## Exercise inputs
========
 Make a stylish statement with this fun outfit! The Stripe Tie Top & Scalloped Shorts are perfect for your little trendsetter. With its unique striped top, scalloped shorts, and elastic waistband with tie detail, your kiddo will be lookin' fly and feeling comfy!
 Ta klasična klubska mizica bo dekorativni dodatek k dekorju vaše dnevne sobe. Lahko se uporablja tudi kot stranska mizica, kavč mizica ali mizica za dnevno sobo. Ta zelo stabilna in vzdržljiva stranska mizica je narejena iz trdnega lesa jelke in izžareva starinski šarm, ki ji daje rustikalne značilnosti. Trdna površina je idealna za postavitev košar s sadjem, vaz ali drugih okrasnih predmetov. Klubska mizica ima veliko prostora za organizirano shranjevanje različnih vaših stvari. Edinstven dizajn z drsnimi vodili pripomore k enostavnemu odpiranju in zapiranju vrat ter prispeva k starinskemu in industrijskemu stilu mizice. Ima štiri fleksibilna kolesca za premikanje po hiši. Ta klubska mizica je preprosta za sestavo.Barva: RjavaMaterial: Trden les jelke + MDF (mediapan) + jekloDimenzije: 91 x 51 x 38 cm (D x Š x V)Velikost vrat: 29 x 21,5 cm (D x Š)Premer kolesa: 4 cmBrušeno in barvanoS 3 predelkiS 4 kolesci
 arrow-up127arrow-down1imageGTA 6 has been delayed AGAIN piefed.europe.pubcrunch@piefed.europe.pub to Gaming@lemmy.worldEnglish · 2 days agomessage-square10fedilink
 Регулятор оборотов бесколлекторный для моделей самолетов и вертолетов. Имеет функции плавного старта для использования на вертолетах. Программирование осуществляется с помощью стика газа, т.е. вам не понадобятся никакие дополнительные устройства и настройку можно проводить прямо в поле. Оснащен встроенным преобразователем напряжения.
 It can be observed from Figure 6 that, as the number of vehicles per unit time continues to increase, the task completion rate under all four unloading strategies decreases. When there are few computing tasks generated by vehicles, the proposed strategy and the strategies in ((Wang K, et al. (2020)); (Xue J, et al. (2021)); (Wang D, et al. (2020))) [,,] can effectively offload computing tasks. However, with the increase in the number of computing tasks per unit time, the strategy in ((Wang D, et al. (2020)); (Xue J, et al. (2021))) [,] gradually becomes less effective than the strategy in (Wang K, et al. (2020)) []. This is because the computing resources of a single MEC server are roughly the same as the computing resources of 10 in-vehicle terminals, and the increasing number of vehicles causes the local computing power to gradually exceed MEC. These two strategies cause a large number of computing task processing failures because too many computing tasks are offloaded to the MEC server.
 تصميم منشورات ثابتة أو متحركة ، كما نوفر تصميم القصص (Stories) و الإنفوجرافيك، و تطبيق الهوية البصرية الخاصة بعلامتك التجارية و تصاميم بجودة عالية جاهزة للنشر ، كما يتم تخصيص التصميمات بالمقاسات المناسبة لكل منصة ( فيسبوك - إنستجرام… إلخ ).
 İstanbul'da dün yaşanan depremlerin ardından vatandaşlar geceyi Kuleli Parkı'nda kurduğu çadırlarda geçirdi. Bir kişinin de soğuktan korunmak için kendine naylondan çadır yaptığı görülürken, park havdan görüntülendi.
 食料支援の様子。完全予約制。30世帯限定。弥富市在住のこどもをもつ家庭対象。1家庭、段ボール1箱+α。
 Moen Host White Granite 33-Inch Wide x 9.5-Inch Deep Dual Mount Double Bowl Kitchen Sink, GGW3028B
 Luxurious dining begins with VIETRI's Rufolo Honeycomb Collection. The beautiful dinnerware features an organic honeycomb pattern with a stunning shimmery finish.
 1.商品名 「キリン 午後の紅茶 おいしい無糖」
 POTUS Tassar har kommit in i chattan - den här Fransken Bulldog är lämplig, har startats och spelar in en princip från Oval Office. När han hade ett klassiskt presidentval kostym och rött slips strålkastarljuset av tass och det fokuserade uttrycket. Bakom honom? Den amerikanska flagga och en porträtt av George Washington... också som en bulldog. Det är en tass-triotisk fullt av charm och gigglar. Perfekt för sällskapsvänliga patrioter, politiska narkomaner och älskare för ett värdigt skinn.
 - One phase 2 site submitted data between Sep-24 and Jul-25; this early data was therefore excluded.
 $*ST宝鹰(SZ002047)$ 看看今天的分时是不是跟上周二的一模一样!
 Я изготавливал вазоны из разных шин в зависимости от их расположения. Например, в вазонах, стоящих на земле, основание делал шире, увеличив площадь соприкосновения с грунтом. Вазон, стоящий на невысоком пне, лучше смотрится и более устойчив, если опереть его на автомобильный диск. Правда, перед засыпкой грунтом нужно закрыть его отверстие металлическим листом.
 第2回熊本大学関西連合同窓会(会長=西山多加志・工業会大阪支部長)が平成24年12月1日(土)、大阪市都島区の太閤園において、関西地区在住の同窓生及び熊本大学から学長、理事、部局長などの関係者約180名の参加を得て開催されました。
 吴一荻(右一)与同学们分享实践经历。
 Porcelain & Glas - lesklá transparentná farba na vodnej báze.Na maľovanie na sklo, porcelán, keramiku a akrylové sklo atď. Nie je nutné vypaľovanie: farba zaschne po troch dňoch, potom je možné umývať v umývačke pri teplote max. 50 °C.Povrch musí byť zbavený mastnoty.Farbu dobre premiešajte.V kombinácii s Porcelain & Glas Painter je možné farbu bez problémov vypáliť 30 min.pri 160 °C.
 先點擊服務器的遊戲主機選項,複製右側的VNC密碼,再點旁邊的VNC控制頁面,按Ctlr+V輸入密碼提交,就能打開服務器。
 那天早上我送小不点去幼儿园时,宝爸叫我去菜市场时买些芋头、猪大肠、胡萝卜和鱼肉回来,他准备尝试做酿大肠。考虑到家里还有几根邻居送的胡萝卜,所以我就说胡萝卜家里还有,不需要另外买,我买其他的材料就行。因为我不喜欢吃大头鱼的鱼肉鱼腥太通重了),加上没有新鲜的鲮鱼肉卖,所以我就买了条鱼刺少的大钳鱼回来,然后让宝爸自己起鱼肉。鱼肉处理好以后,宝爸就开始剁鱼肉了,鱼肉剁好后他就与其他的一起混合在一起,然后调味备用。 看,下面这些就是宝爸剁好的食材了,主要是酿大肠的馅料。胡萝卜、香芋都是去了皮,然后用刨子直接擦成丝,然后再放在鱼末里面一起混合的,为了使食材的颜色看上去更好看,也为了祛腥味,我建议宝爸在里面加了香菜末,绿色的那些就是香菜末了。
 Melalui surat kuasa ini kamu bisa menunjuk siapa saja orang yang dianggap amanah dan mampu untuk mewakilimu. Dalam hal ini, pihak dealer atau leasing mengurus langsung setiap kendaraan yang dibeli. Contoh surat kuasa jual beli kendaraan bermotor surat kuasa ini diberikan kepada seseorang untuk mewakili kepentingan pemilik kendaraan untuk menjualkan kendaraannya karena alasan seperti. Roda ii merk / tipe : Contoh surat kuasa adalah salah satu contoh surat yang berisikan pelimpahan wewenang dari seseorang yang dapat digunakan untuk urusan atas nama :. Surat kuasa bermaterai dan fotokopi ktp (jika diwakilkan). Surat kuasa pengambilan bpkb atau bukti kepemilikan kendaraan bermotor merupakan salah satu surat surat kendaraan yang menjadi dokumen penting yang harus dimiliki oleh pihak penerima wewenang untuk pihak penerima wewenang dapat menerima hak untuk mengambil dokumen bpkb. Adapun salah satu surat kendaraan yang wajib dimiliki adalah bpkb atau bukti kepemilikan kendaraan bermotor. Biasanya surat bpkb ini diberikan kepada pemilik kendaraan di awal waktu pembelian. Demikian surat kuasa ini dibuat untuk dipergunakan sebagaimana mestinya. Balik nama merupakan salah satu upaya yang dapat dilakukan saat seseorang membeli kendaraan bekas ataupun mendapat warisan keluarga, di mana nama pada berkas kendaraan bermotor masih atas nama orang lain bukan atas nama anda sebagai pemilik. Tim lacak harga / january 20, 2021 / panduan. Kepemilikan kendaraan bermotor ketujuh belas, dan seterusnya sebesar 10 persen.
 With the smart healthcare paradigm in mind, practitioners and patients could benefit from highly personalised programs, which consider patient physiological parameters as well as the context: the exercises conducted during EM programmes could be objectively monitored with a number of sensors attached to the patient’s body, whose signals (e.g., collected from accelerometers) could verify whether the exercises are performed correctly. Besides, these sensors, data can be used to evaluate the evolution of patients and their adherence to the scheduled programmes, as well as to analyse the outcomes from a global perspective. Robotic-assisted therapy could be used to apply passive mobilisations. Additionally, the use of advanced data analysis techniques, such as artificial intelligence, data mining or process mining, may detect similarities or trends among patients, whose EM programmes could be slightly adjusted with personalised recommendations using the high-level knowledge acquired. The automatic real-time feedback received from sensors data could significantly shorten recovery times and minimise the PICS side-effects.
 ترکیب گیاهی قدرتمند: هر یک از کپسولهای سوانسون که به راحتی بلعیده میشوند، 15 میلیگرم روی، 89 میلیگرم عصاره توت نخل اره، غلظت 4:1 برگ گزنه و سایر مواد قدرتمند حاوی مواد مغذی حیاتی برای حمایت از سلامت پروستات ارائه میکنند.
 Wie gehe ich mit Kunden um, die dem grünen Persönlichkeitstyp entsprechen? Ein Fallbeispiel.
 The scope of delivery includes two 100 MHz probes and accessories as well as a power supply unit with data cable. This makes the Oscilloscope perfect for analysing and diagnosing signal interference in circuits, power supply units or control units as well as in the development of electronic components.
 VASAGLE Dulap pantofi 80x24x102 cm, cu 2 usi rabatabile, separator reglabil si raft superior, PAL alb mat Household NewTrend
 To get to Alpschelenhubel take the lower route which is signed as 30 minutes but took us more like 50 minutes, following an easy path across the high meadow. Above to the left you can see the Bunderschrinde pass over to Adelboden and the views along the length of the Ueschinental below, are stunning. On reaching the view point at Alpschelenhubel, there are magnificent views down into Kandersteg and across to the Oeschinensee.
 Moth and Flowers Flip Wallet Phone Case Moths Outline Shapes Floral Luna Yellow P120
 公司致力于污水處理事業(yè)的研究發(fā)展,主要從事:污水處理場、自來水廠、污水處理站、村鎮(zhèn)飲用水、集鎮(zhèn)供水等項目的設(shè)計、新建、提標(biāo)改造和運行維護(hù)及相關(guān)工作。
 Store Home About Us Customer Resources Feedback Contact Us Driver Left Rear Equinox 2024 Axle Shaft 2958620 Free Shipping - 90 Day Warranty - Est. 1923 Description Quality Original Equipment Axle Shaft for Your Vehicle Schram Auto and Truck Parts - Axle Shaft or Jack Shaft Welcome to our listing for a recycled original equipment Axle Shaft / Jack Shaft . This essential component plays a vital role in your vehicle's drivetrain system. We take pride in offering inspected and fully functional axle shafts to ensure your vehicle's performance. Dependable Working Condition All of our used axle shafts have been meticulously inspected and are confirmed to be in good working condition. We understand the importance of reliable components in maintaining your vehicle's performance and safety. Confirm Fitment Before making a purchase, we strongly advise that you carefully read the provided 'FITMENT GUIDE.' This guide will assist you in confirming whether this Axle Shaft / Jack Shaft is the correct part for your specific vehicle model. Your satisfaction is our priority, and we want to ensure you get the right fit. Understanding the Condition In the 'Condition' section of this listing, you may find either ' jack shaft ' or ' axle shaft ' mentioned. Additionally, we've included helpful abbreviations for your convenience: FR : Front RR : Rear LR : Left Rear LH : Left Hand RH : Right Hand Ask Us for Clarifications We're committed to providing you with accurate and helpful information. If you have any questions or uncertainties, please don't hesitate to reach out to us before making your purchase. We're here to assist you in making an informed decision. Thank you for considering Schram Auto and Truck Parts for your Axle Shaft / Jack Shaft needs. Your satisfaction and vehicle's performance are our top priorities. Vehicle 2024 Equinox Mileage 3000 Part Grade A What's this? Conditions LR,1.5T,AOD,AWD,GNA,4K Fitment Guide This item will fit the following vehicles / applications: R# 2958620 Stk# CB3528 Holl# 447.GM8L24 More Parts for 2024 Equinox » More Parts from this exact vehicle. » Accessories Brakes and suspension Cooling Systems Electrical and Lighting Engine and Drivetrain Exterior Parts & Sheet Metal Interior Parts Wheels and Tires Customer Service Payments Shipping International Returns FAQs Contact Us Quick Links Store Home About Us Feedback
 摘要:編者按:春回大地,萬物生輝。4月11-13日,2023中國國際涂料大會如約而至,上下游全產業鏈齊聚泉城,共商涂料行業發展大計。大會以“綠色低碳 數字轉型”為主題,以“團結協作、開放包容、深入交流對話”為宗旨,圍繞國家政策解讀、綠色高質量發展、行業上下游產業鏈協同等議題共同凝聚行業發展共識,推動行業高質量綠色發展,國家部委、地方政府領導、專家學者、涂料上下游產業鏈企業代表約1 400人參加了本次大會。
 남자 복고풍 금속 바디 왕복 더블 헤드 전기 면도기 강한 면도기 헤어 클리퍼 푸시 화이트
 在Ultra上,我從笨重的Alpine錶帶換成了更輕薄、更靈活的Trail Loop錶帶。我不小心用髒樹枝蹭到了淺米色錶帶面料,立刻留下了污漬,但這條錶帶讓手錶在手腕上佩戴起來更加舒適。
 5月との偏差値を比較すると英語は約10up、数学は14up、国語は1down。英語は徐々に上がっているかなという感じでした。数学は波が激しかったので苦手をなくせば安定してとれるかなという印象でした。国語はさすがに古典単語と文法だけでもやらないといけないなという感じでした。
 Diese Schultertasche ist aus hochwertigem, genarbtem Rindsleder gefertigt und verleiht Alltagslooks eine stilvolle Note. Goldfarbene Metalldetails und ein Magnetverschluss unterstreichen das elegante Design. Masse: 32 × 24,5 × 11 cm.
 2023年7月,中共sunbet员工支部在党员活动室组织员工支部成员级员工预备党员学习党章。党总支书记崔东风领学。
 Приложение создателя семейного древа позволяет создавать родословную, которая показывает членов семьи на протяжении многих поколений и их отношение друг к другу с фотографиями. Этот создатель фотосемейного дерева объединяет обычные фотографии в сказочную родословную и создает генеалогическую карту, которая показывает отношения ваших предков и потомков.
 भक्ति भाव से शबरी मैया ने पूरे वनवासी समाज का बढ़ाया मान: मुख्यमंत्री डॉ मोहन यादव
========
## Exercise aim
Using the entries above, output exactly the lines between the line holding "Moen Host White" and the line holding "1.商品名 「キリン 午後の紅茶 おいしい無糖」", end lines included, and nothing more.

## Answer area
 Moen Host White Granite 33-Inch Wide x 9.5-Inch Deep Dual Mount Double Bowl Kitchen Sink, GGW3028B
 Luxurious dining begins with VIETRI's Rufolo Honeycomb Collection. The beautiful dinnerware features an organic honeycomb pattern with a stunning shimmery finish.
 1.商品名 「キリン 午後の紅茶 おいしい無糖」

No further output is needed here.